For the first two-thirds of the year, private investors put an estimated $2 billion to work across at least 472 known rounds globally, per Crunchbase analysis (not including initial coin offerings (ICOs)). Initial data for the remainder of the year shows the space still garnering some deals, but well below prior highs. (In 2018, the peak year, investors put at least $4.65 billion into the space, not including ICOs.)

It also should be noted that the numbers include companies for which crypto or blockchain is a component but not a core focus of the business. For example, one of the  largest crypto-related rounds of 2019 was a $323 million Series E for Robinhood, which offers cryptocurrencies but is best-known as a commission free stock trading app.

So when one looks at funding for more pure-play crypto and blockchain startups, the funding levels look more bearish.

Delivery

Food delivery is a tough category for making a profit, but in recent years it’s been a pretty lucrative one for raising venture funding. But if 2019 is any indication, the fast-growing sector is in the midst of a slowdown.

So far this year, food delivery companies brought in $3.85 million globally in venture and seed funding across at least 125 funding rounds, per Crunchbase data. That’s down from $11.1 billion that went to delivery companies in 2018, across at least 223 rounds.

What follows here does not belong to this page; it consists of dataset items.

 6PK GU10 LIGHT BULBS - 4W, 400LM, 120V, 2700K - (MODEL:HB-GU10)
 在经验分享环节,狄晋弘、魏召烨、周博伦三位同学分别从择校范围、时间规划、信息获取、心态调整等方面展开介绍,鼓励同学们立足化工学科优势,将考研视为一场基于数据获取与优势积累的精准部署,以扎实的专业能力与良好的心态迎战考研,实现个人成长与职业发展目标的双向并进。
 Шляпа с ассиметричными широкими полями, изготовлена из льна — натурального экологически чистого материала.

Colombia’s Rappi had the largest single venture capital funding round of food delivery companies in 2019, bringing in $1 billion in its Series E round. DoorDash also pulled in some serious cash, raising a total of $1 billion across two separate rounds.

The food delivery space has encountered its share of problems in 2019. DoorDash came under fire for its tipping practices and we’re still waiting on Postmates to go public. Lackluster post-IPO performance by Uber, which had been banking on growing its delivery business, also hasn’t helped.

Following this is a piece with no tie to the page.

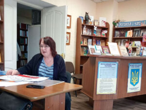 Бібліотекарка Світлана Альохіна познайомила аудиторію з дуже не простою темою «Суїцидальні думки, психічні розлади та залежності». Ця тема також сьогодні важлива і привертає увагу суспільства. Світлана розповіла про ознаки суїцидальної поведінки, про що варти знати, щоб вчасно допомогти своїм близьким, куди звертатися у разі, якщо людина має суїцидальні думки та наміри.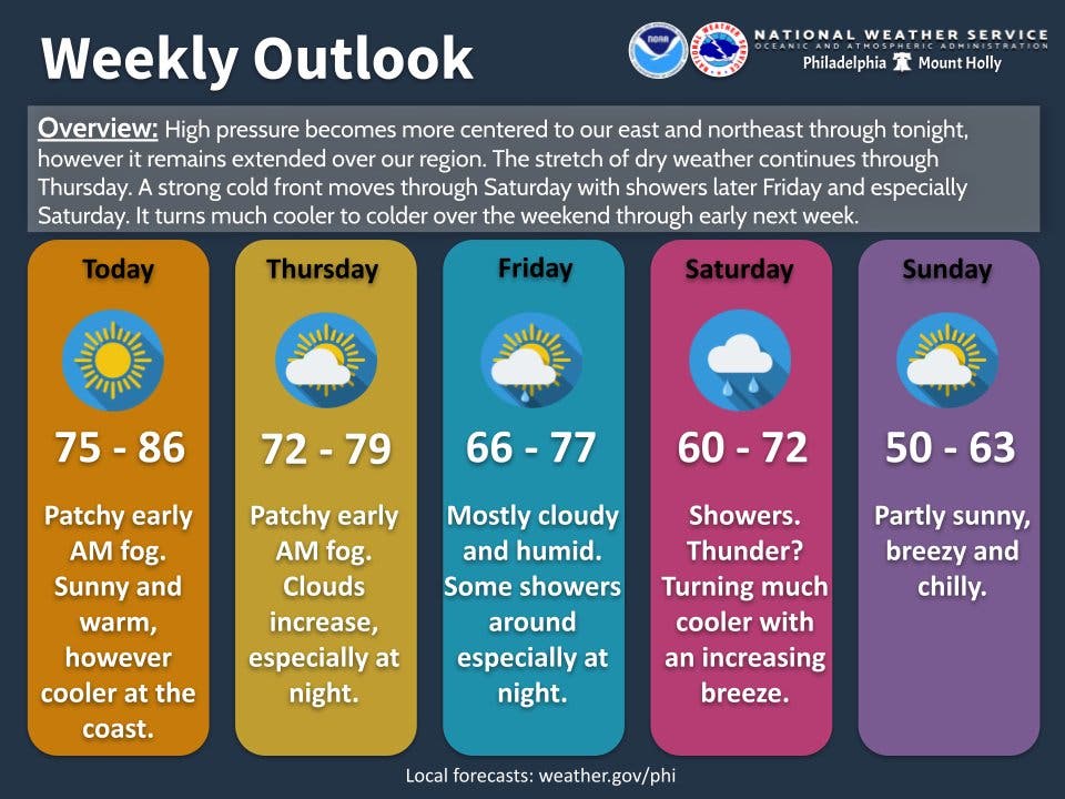 Here is the extended forecast for New Jersey, from the National Weather Service:

That said, companies are still raising big sums, so this isn’t a sector that hasn’t petered out yet.

Electric Vehicles

If you are a venture capitalist and want a place to park lots of capital, the electric vehicle industry has much to offer. Companies in the space are notoriously capital-intensive, and while their risk profile is high, the returns on betting on the category leader can be high too, as evidenced by Tesla’s $70 billion-plus market capitalization.

However, history also shows that the bulk of electric vehicle investments don’t turn out so profitably. Perhaps that, combined with a slowdown in China-based supergiant rounds, is contributing to a global slowdown in venture-backed bets on the sector.

So far in 2019, venture investment in electric vehicle-focused companies totalled $8.8 billion, with just over $5 billion going to Chinese deals. In 2018, by contrast, investors put over $18 billion to work globally, of which more than $14 billion went to China-based companies.

The Big Picture

It’s noteworthy that three of the four shrinking categories highlighted above involve companies that operate in the physical world, either making things or delivering things other people made. The fourth, crypto and blockchain, saw declines in large part because of the bubbly levels of the prior year.

Looking at where the money continues to flow, it’s clear venture investors love affair with software revenue models has not abated. They’re more on the fence, it appears, when it comes to businesses that still incur high fulfillment costs for each customer they add.

Photo courtesy JP Valery of via Unsplash.


  1. Data not adjusted to reflect that a large portion of rounds, particularly at seed and early stage, are reported weeks or months after financing closes. The dataset included companies categorized by Crunchbase as hardware, consumer electronics, mobile devices, or networking hardware.

    We use Crunchbase categories for the searches, sometimes standalone categories and sometimes combining several, potentially along with relevant keywords. We focused primarily on the United States for hardware and on global markets for crypto and blockchain, delivery and electric vehicles.